Takeda Reveals Pricing for Dengue Vaccine
Fresh off approval of its dengue vaccine in Brazil, Takeda has announced its pricing strategy for the shot. Prices will be determined by endemic status of the disease in a given country. Indonesia, where the virus is endemic, will see the vaccine priced at $40 per dose, while travel markets like Germany will pay $115 a shot.

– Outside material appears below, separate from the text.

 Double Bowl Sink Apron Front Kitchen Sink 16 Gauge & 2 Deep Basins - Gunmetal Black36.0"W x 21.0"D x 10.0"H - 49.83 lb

Exploring the Systemic Causes of Maternal Mortality in the US
A 2022 report by the US Centers for Disease Control and Prevention (CDC) explored the underlying causes of high maternal mortality in the US. Over 75% of maternal deaths happen after returning from the hospital after delivery and 80% were preventable. A new article in Health Affairs, explains how the underlying design of our maternal care systems contributes to the problem
Ozempic and Mounjaro Back on Shelves
Novo Nordisk’s Ozempic and Eli Lilly’s Mounjaro, both diabetes drugs used off-label for weight loss, have been on a backlog for months due to an explosion of popularity. According to the US Food and Drug Administration, most doses of the two drugs are back in stock. This excludes the higher doses of Ozempic, however.